> **INPUT DATA**
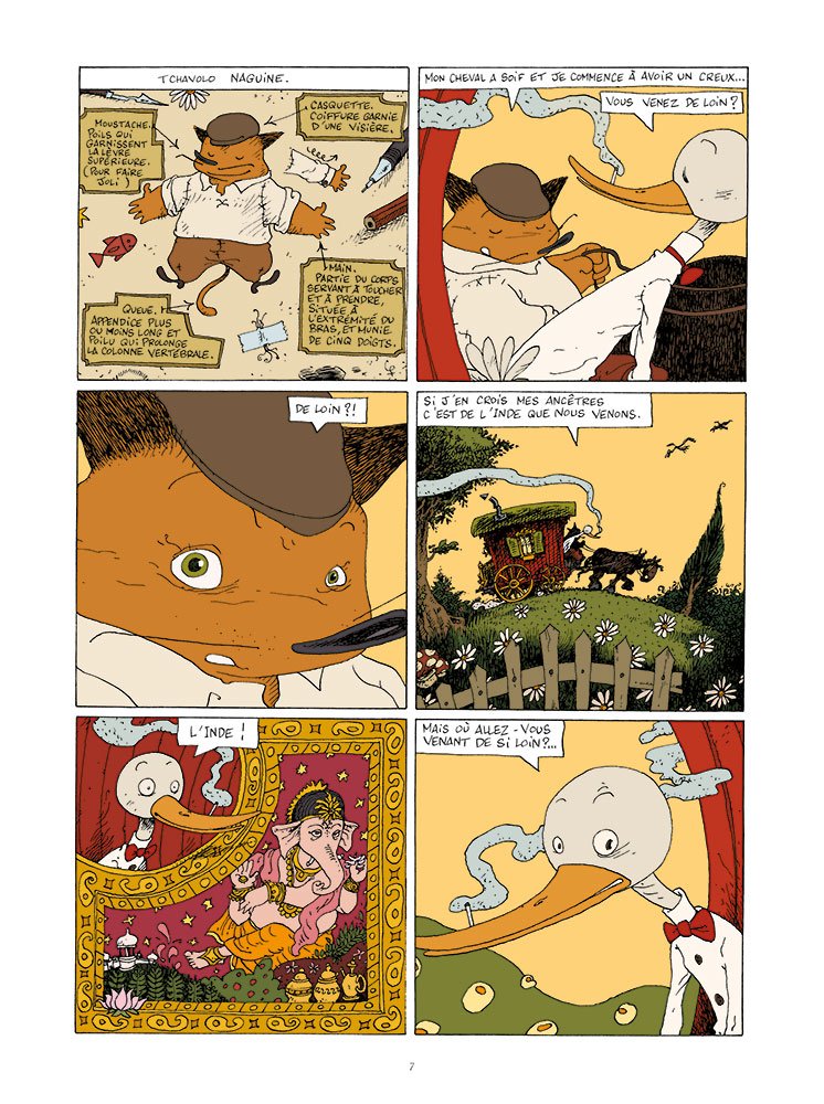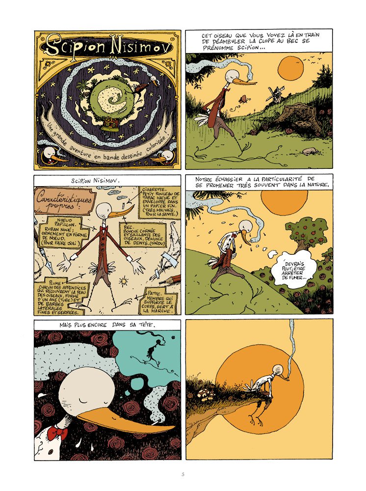 Scipion Nisimov, échassier au bec recourbé, est un personnage rêveur qui aime errer. Un jour, il croise Tchavolo, un Tzigane, avec qui il sympathise. Mais le soir-même, alors qu’il retrouve son domicile, il surprend sa fiancée Daphné au lit avec un taureau. Abattu, Scipion retrouve Tchavolo, dont les airs de guitare l’aident à oublier pour un temps son malheur.
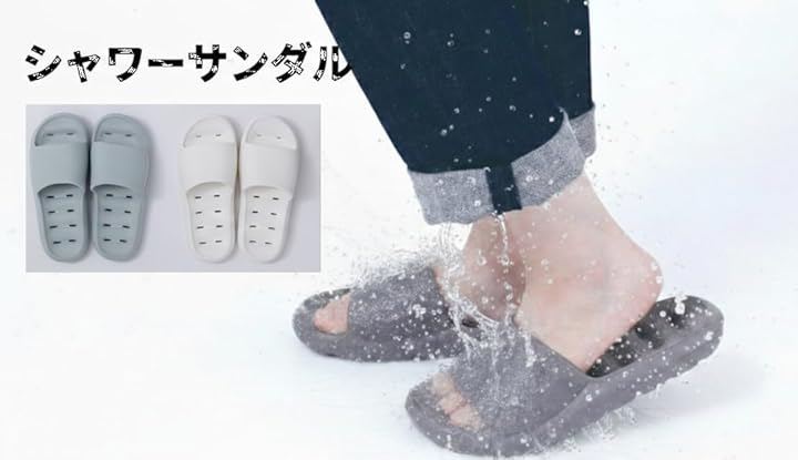 「素材 EVA素材」 水に強いEVA素材を採用し、ビーチやプールサイド、ベランダ等の水に濡れるシーンで活躍するサンダル。海辺の散策からゴミ出しなどのちょっとした外出まで、幅広いシーンで大活躍。
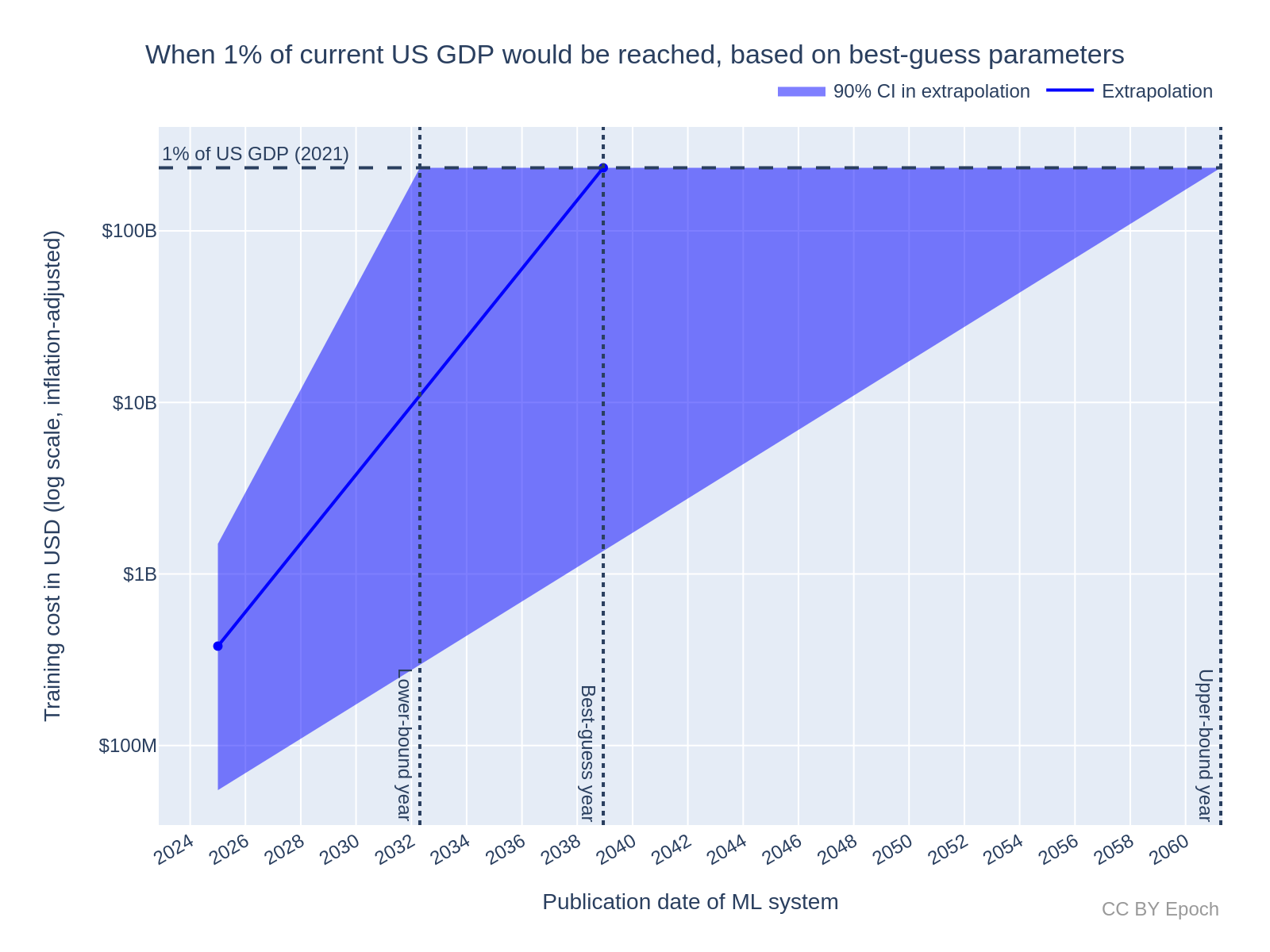 - By contrast, my best-guess forecast adjusted for evidence that the growth in costs will slow down in the future, and for sources of bias in the cost estimates.11 These adjustments partly relied on my intuition-based judgements, so the result should be interpreted with caution. I extrapolated from the year 2025 with an initial cost of $380M (90% CI: $55M to $1.5B) using a growth rate of 0.2 OOMs/year (90% CI: 0.1 to 0.3 OOMs/year), to find that the cost of compute for the most expensive training run would exceed a real value of $233B in the year 2040 (90% CI: 2033 to 2062).

> **EXERCISE REQUIREMENTS**
Repeat the listing above exactly, omitting the pictures it contains.

> **SOLUTION BELOW**
 Scipion Nisimov, échassier au bec recourbé, est un personnage rêveur qui aime errer. Un jour, il croise Tchavolo, un Tzigane, avec qui il sympathise. Mais le soir-même, alors qu’il retrouve son domicile, il surprend sa fiancée Daphné au lit avec un taureau. Abattu, Scipion retrouve Tchavolo, dont les airs de guitare l’aident à oublier pour un temps son malheur.
 「素材 EVA素材」 水に強いEVA素材を採用し、ビーチやプールサイド、ベランダ等の水に濡れるシーンで活躍するサンダル。海辺の散策からゴミ出しなどのちょっとした外出まで、幅広いシーンで大活躍。
 - By contrast, my best-guess forecast adjusted for evidence that the growth in costs will slow down in the future, and for sources of bias in the cost estimates.11 These adjustments partly relied on my intuition-based judgements, so the result should be interpreted with caution. I extrapolated from the year 2025 with an initial cost of $380M (90% CI: $55M to $1.5B) using a growth rate of 0.2 OOMs/year (90% CI: 0.1 to 0.3 OOMs/year), to find that the cost of compute for the most expensive training run would exceed a real value of $233B in the year 2040 (90% CI: 2033 to 2062).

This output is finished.